村人達が異変を感じ取り、なんだなんだと騒ぎだした。
「まさか誉さまがお怒りなのか?」
「そんなまさか、誉さまは〝美しくお優しい女神様〟だぞ」
「ではせっかくの生け贄をモタモタと渡さぬから、お怒りなのか?」
男衆が唐櫃を慌てて川につけた。
その瞬間、誉は心の内でありったけに叫んだ。
『ええいっやめよ!』
誉の、少し高いがしっかりと〝男〟と分かる声が辺りに響き渡った。
「……だ、だれだ?」
「お、お前か?」
「私じゃないわ」
恐る恐る辺りを見回し声の主を探す。
だが見つけられる筈もない。誉は崖の上に潜んでいるのだ。
(良かった。効いている)
誉はほっと胸を撫でおろし、そして覚悟を決めると、もう一度心の内で強く言葉を発した。
『下賤の民が。お主らごときに名乗る名など持ち合わせてはおらん』
誰かが「ヒィ」と悲鳴を上げた。村人達はすっかり怖がって、祭司の後ろにきゅっと小さくまとまっている。

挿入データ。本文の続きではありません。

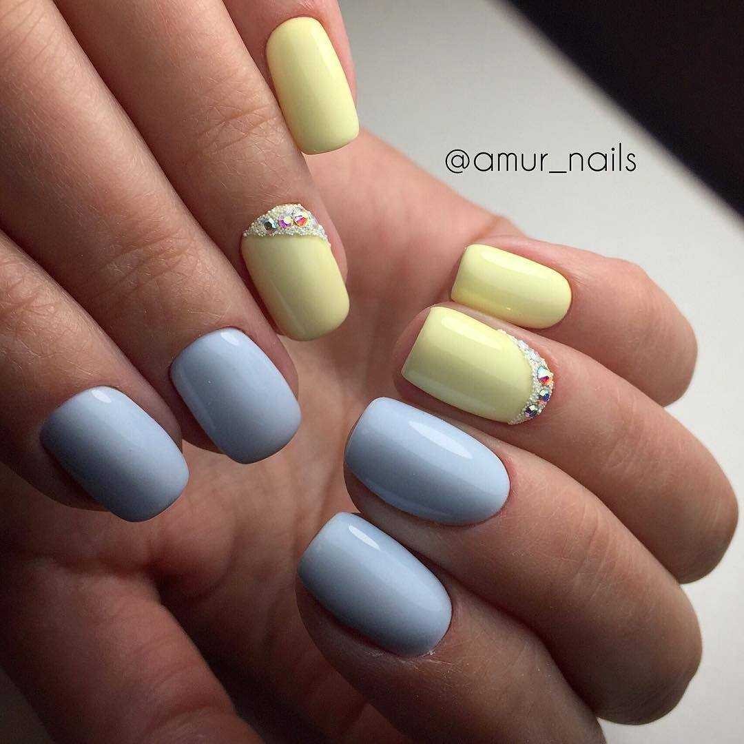 Особое внимание дизайнеры рекомендуют уделить солнечному жёлтому или оттенку яичного желтка, которые прекрасно смотрятся с ярким зелёным. Идеальной компанией для лимонного или молочного жёлтого станут приглушенный мятный или бледно-зелёный лак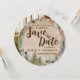 La carte ronde recto verso est la carte Save the Date parfaite pour tout mariage à thème rustique. Ce magnifique design est à la fois romantique et rustique et fonctionne pour des événements rustiques, forestiers ou de montagne. La conception comprend une tranche ronde de disques de grains de bois, des fleurs sauvages et des arbres forestiers.
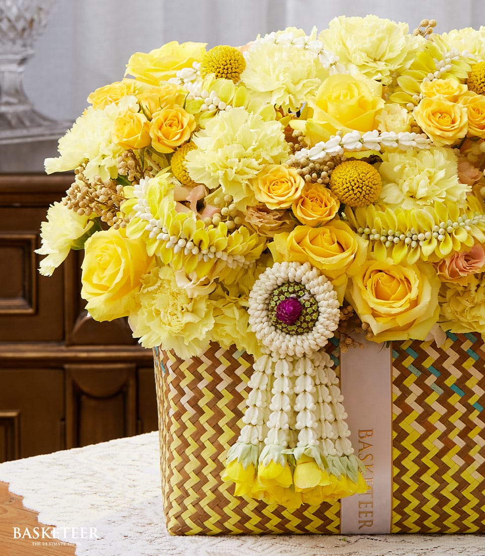 Yellow Thai Flowers Basket This Golden Bloom Floral Tribute Basket is a breathtaking arrangement of vibrant yellow roses, delicate carnations, and handcrafted jasmine garlands. Presented in an elegant woven basket, this floral masterpiece symbolizes joy, prosperity, and heartfelt blessings, making it ideal for celebrations, religious ceremonies, and special tributes.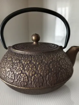 Tetera de hierro fundido con un bonito diseño en relieve. - Cuerpo con patrón de flores. - Asa negra. - Tapa con pomo.Capacidad 600ml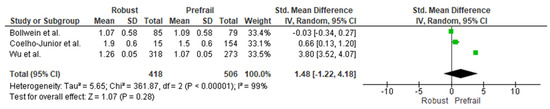 Figure 2 shows the differences in protein intake between prefrail and robust older adults. The pooled analysis indicated that there were no significant differences between groups (SMD = 1.48, 95%CI: −1.22–4.18, p = 0.28).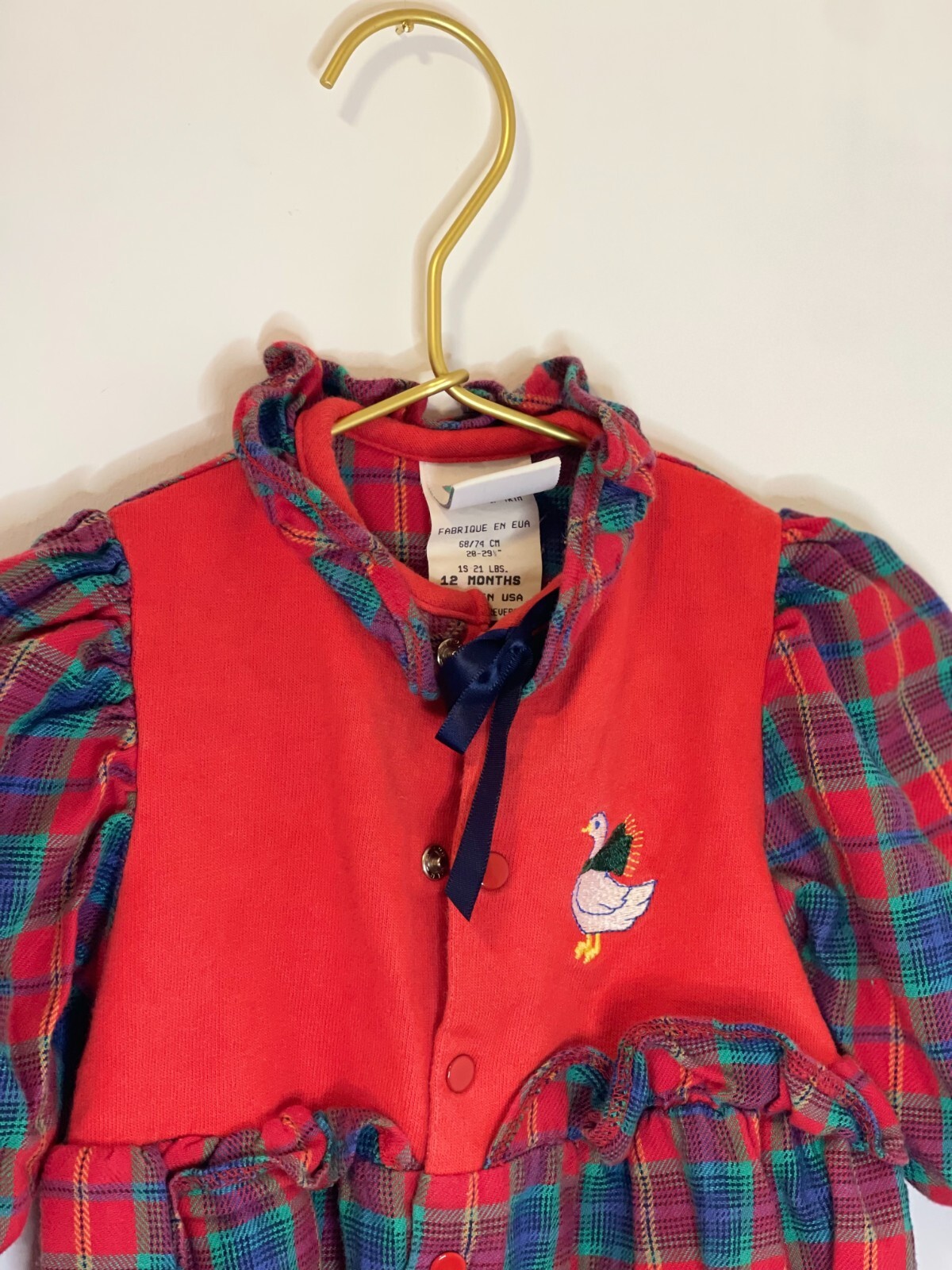 Little Me Vintage Plaid Baby Bodysuit One Piece Christmas Red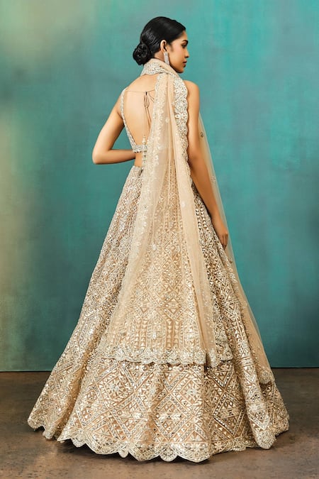 Buy_Aneesh Agarwaal_Beige Net, Silk Mirrors, Diamonds, Triangle Applique Work Bridal Lehenga Set _Online_at_Aza_Fashions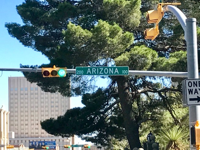 I passed through the UTEP campus, stopped at Crazy Cat Bikes to look for a new skull cap, passed the really cool street sign below, and rode through a really nice downtown area. I mean, it was really nice–with an arts district and cool public art installations that I didn’t have time to stop and look at. And I wondered how I spent 13 months in El Paso and no one ever took me downtown to see any of the sights there.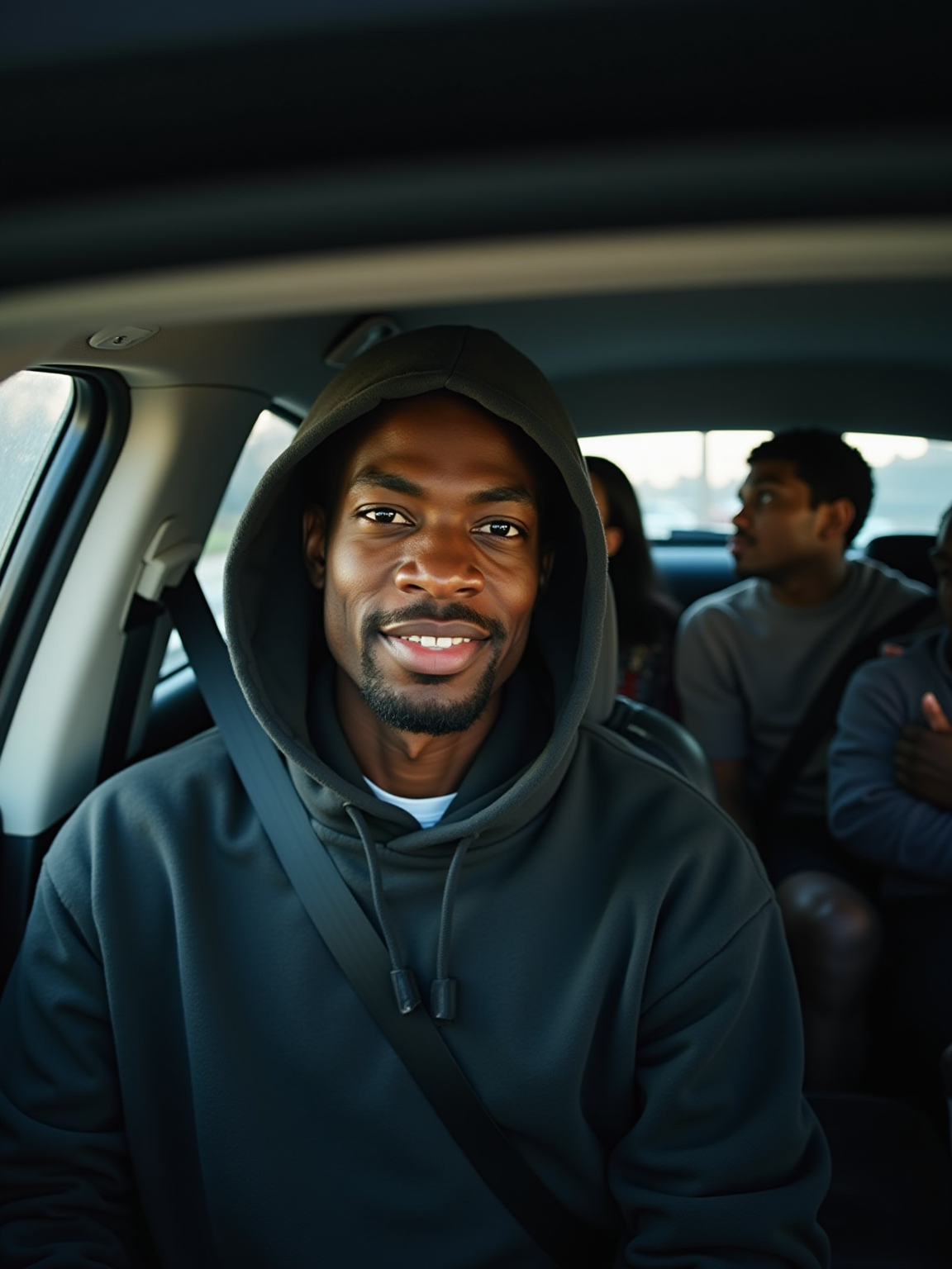 camera flash overexposed, model in the backseat of a car with friends, windows fogged up. Wearing hoodie, making a silly face. Flash glare, cramped space, candid energy.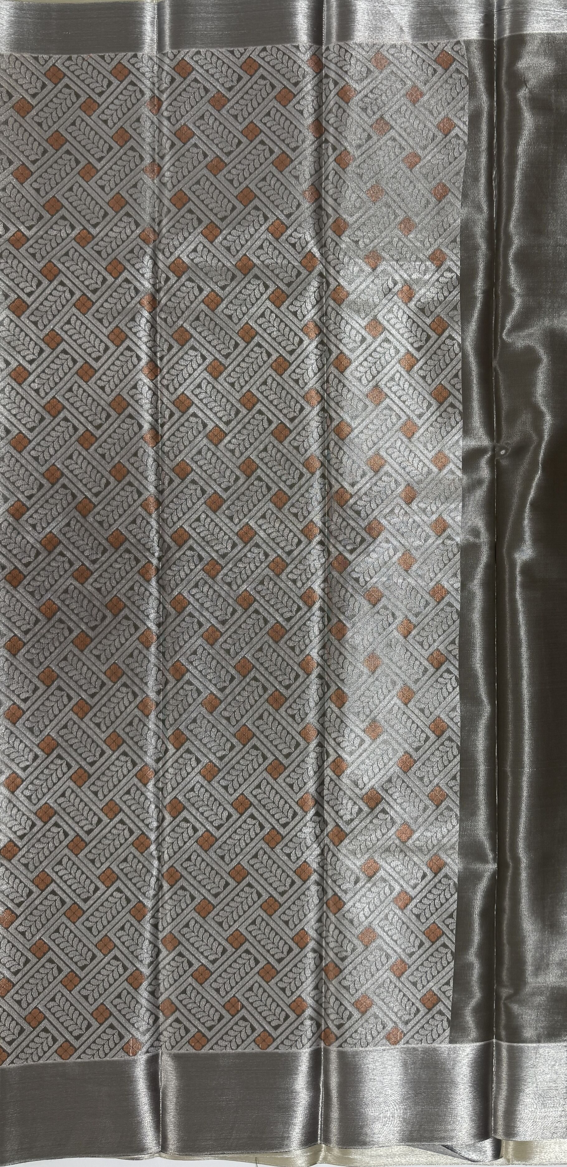Cream Colour soft tissue saree with floral patterns and plain silver Zari border,  Silver Grey Colour blouse with plain Silver Zari border.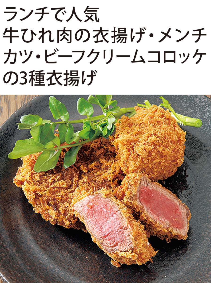 厳選した牛肉、魚介、新鮮な野菜を丁寧に調理し、ランチは週替わりメニューが1000円、定番の三種衣揚げは1800円で楽しめる。アラカルトもあるディナータイムは、もちろんコースも充実。ワインを含むドリンクも豊富にそろう。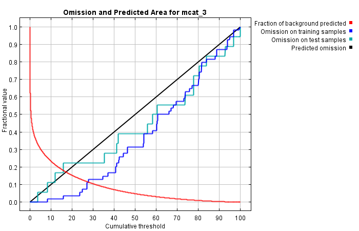 | Cumulative threshold | Cloglog threshold | Description | Fractional predicted area | Training omission rate | Test omission rate | P-value |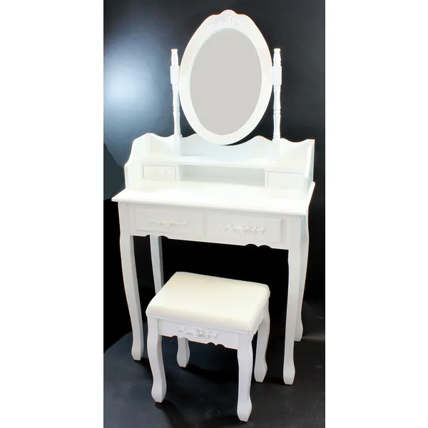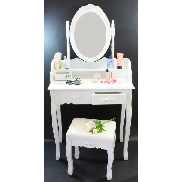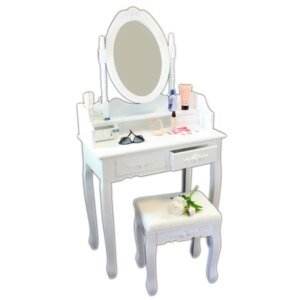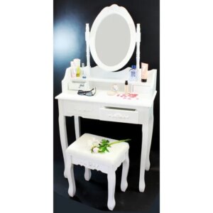 Teremts rendezett, kényelmes smink- és frizurakészítő sarkot ezzel a kozmetikai fésülködőasztallal. A nagy tükör segít a precíz sminkelésben és hajformázásban, a hozzá tartozó szék pedig stabil, kényelmes ülést biztosít a mindennapi rutin során.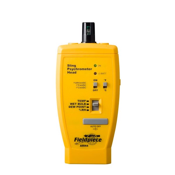 Fieldpiece ARH4 Digital Psychrometer Accessory Head measures both relative humidity and ambient air temperature. It calculates dew point and wet bulb. It’s great for calculating target superheat as well as logging %RH, temp, WB or DP over time. The head converts %RH, ambient temperature, dew point temperature, and wet bulb temperature to a voltage at a rate of 1 %RH or degree to 1mVDC and your reading is displayed on your meter. The ARH4 snaps directly onto Fieldpiece stick meters, data logger, electronic handles and adapters.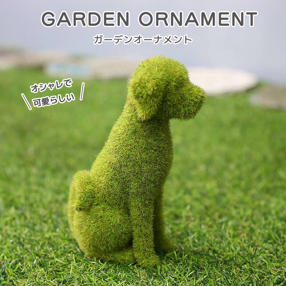 ■ガーデンオーナメント 犬の置物 ガーデン装飾 グリーン 人工芝風 オブジェ 座っている子犬

唐櫃を沈めていた男衆も顔を真っ青にして固まっていた。
祭司が冷や汗をダラダラ流しながらなんとか叫ぶ。
「あ、ああああなたは何者か!? 我々の誉さまへ捧げる生け贄の大事な儀式の最中に、なんたる無礼な!」
『無礼だと……私がその誉さまの遣いと知ってのことか?』
「なっ!?」
『今すぐその唐櫃を岸に戻せ』
真っ青になった男衆は、言葉をすぐに理解出来ずにいると、誉はもう一度言った。
『今すぐ戻せと言っている!』
はっと我に返り、慌てて唐櫃を岸に運び戻した。
そして勢いよく砂利の地面に頭を垂れる。
「も、申し訳ありませぬ!」
「お許しを! お許しを!」
その様子に他の村人や祭司たちも続けて石だらけの地面に額をつけた。
『良いか愚かな民よ。誉さまはお怒りである。生け贄を捧げたとて誉さまは喜ばん。これでは一向に雨など降らぬ。その方らが今やるべき事は他にあるのだ』
ぶるぶると震えながらも、民達はその先を待った。
『水路を整備なさい。川から農地へ、田畑へ水を引くのです』
「へ、へぇ……それは既に行っておりますが」
『現状では不十分であると何故気付かない。山から流れる川から引きなさい』
「は、はい」
『それと今の水路は壊れている箇所がないか、よおく探しておきなさい』
「……」
「こ、これ本当に誉さまの遣いか?」
男が一人、少しだけ顔を上げ、隣の者へと囁く。
『ほぉ、私を疑うということは誉さまを疑うということ。良い度胸です』
「ヒイイィお許しをー!」
だが誉のその言葉で再度石だらけの地面へ額を擦り付けた。
あまりに勢いが余っていたのでおそらくよほど痛いだろう。
『分かったのならさっさと行け! 水路だ水路! 誉さまはそうおっしゃっている!』
「分かりました!」
「分かりましたー!」
一斉に来た道を辿って森の中へと消えて行く。
(よし、これで)
男衆が慌てて唐櫃を持ち上げ去ろうとしたのが目に入り、誉までも慌てた。
『待ちなさい! 唐櫃は置いていけ!』
「や、でも誉さまは生け贄にお怒りと」
痛いところを突かれてしまったと思わず言葉が引っ込む。
けれどこのまま連れて行かれてしまえば結局みよは救われない。
『今回に限り生け贄は誉さまが面倒を見ると言っている。ですから置いて行きなさい』
「へ、へぇ」
男らは困惑した顔をしながらも唐櫃から手を離した。
誉はそれに安堵して、更にこう付け加える。
『それともう1つ、皆に伝えなさい。子は宝です。誰の子であれ皆で大切に育てるようにと』
残っていた男衆は、拍子抜けしたような顔で返事をすると、やはり一目散に村へ向かって森の中へと消えて行った。
誉は急いで崖下へ駆け下りると、直ぐに唐櫃の蓋を開けて、みよの無事を確かめた。
中には乾いた唇をきゅっと引き結び、手鞠を抱き締めたみよがいた。その瞳に涙をためて小刻みに震えて。
良かった生きていたと彼女へ手を伸ばすが、びくりと震えたのを見て手をおろす。
「たいした名演技だな。……まだそこらに居るかもしれないぞ。姿を見られたら」
「面倒だって? 安心なさいな。彼らがまだ居たとしても、誰も僕らを、この唐櫃も視認できないからね」
「……それが出来てどうして雨は降らないんだ」
「神力を使う規模が違うからね」
誉が苦笑すると、コウはそれ以上何も言わず、みよが入った唐櫃を黙って片腕に持ち上げた。
「なんだ……あいつらわざわざ四人で持ち上げて、大袈裟だな」
コウは拍子抜けした顔をした。
それもその筈、本当に儀式のためだけに彼らは大袈裟に振る舞っていたのだ。
そしてそのまま誉が暮らしているはりぼての小さな家まで運び。
着いて早々、みよは桜の木の根元に引きこもったというわけだ。